Actress brings Emily Dickinson to life

EDMONDS — You can depend on actor Melanie Calderwood to deliver a first-rate performance as sure as you can depend on getting Christmas catalogs in the mail.

And where some actors might shy away from spending two acts alone on stage, Calderwood is perfectly at ease up there, as if she owns center stage, which she does, by the way, in Edge of the World Theatre’s production of “The Belle of Amherst,” which runs through May 31.

Calderwood plays American poet Emily Dickinson. For two acts, Calderwood entertains us as if we are visiting Dickinson in her parlor, sitting back enjoying a cup of tea and being enthralled by her cutting wit, poignant stories and, of course, her poetry.

The play is set in Amherst, Mass., in 1883. Dickinson, who once referred to herself as the belle of Amherst, accepts our visit, shyly at first, but then unleashing revelations about her life and art.

Calderwood’s performance helps slay the conventional thought that Dickinson was a recluse by nature. Instead, it was a demeanor Dickinson cultivated to maintain a mysterious air.
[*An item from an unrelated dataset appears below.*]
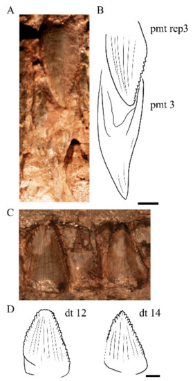 NHMD 164741 preserves the posterior half of the left premaxilla (Figure 8). NHMD 164758 bears the only complete premaxilla of both specimens (right element, Figure 9). The premaxilla is triangular in lateral profile, encompassing most of the narial fenestra. The main body of the premaxilla is slightly anteroposteriorly longer than dorsoventrally tall and contains five alveoli, the first of which is adjacent to the rostral tip of the bone. A 5-tooth premaxilla is also seen in Plateosaurus (except for specimens with 6 premaxillary teeth, i.e., HMN XXIV, SMNS 12949 and SMNS 13200), and the position of the first premaxillary tooth is close to the anterior margin of the premaxilla. An anteriorly located first premaxillary tooth is similar to that of the juvenile Pl. trossingensis (MSF 15.8B) and is thought to be related to ontogeny [53], as in mature specimens of Pl. trossingensis (i.e., MSF 11.4, MSF 15.8, and 16.1) there is usually a gap between the anterior tip of the premaxilla and the first premaxillary tooth.

Her hermit-like ways, and always dressing in white, created the notion Dickinson was eccentric.

“It’s all on purpose,” Calderwood revealed.

Calderwood turns the light on Dickinson, exposing the poet as a highly intelligent, deeply sensitive woman who seemed to write constantly and had a high passion for words.

“Phosphorescence. There’s a word to lift your hat to.”

Dickinson also possessed a keen talent for doing deadpan impressions of the people around her. Her sarcasm launched us into spasms of laughter: “There goes Hennie. She looks more like a jar of sweetmeats every day.”

While in her parlor, we watch as Calderwood shares Dickinson’s sadness at her father’s death, at her barren love life and at her failure to be recognized as a good poet. We also learn how she questioned her faith. She attended Mount Holyoke Female Seminary but she confessed she was in charge of the girls without hope.

“I do not feel the spirit,” Dickinson admitted to the headmistress. “I’ve read the Bible and I found it merry.”

The real beauty of this script, the genius that earned it a Tony Award, is the way Dickinson’s poems are woven into the narrative of her life. Calderwood manages to do that weaving seamlessly.

There are moments in the play where we can’t tease the verse from her thoughts. Perhaps that is how it was for Dickinson: Her poetry so overwhelmed her thinking that they became one and the same.